Let $u_n$ be any sequence in $A$, we can find a convergent subsequence such that $u_n$ converges to some limiting function $u_\infty$ weakly in $W^{1,2}$ and strongly in $L^2$. By Fatou Lemma, it is observed that $u_\infty$ also belongs $A$. In this case, can I say $A$ is compact in $B$ (under the topology of $B$)?
Let $v_n$ be any sequence in $D$, we can find a convergent subsequence such that $v_n$ converges to some limiting function $v_\infty$ in $C^{0,\alpha}$ by Arzel`a–Ascoli theorem.

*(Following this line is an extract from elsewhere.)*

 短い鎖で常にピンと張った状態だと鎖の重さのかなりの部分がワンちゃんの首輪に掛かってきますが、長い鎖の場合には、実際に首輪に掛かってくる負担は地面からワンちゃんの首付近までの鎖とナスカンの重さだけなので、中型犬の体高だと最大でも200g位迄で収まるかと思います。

By lower semi continuity of Holder norm, it is observed that $v_\infty$ also belongs $D$. In this case, can I say $D$ is compact in $C$ (under the topology of $C$)?
Here comes to the last question. For some sets $X \subset Y$, $X$ is compact in $X$ if and only if $X$ is compact in $Y$. If the above two assertions are true, then $A$ and $D$ are compact, I think it is weired. Can someone helps? Thanks!